The induction of chitinase by low temperature is more sensitive than high temperature (Figure S7). The reaction of flesh and skin were not synchronized to the temperature, and flesh was more sensitive. The response to temperature was different between different groups: Group A was higher under high temperature; Group B caused significant up-regulation in skin at 37 °C and − 20 °C; Group C were up-regulated at 4 °C in skin; VvChis in group D were significantly affected by temperature; Group E were higher in skin at higher temperature except VvChi5. The enzyme activity assay showed that the temperature had significant effects on SOD, POD, CHI, APX and β-1,3 GA, which were generally higher at 37 °C. Different from other enzymes, CHI had the highest activity at -20 °C.

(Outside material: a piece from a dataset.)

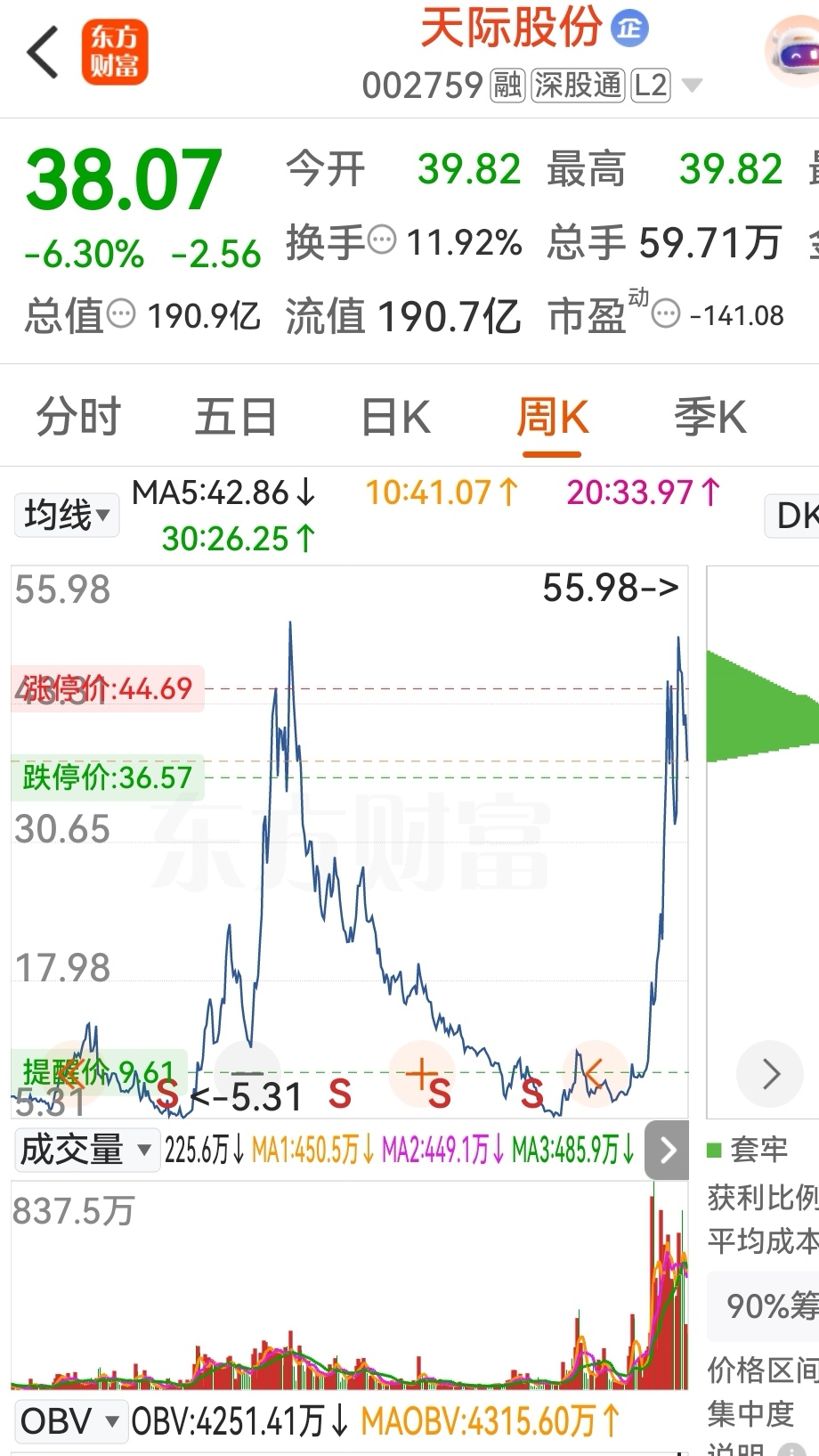 $天际股份(SZ002759)$ 谁来预测一下走势啊,我看了周线
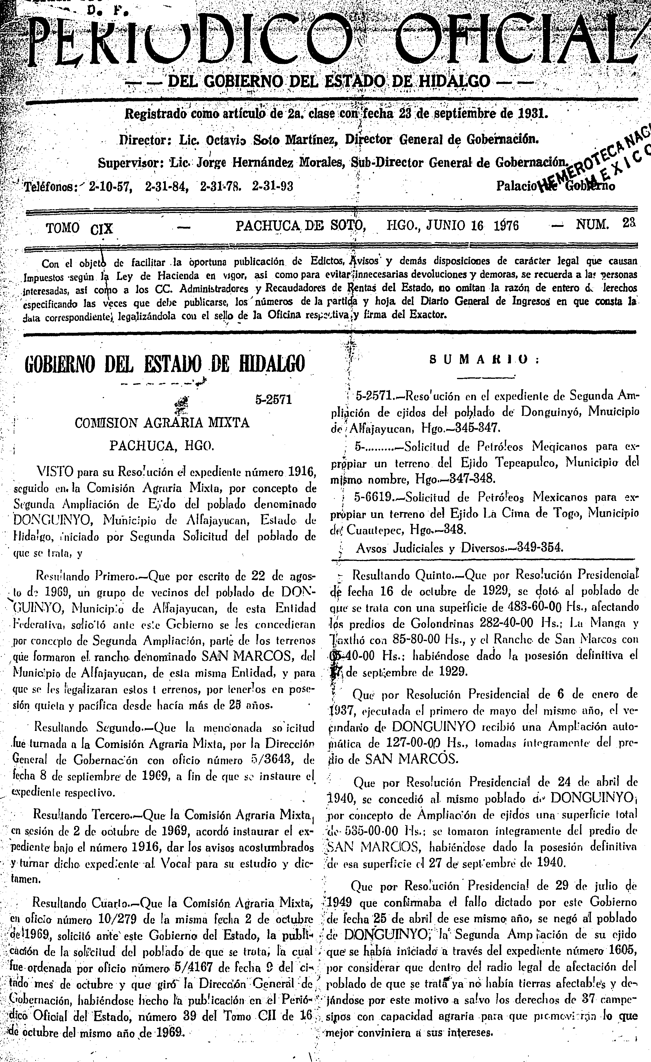 Descargar Periódico Oficial Ordinario 0 del 16 de junio de 1976

VvChis showed an up-regulation trend after treatment with different concentrations of NaCl, and more sensitive to high concentrations (Figure S8). On the other hand, NaCl treatment increased the activity of five enzymes during short time, and then slowly decreased, which had little effect on SOD and β-1, 3 GA, and obvious effects on POD, APX and CHI. Among these, CHI activity is consistent with POD, but different from β-1,3 GA.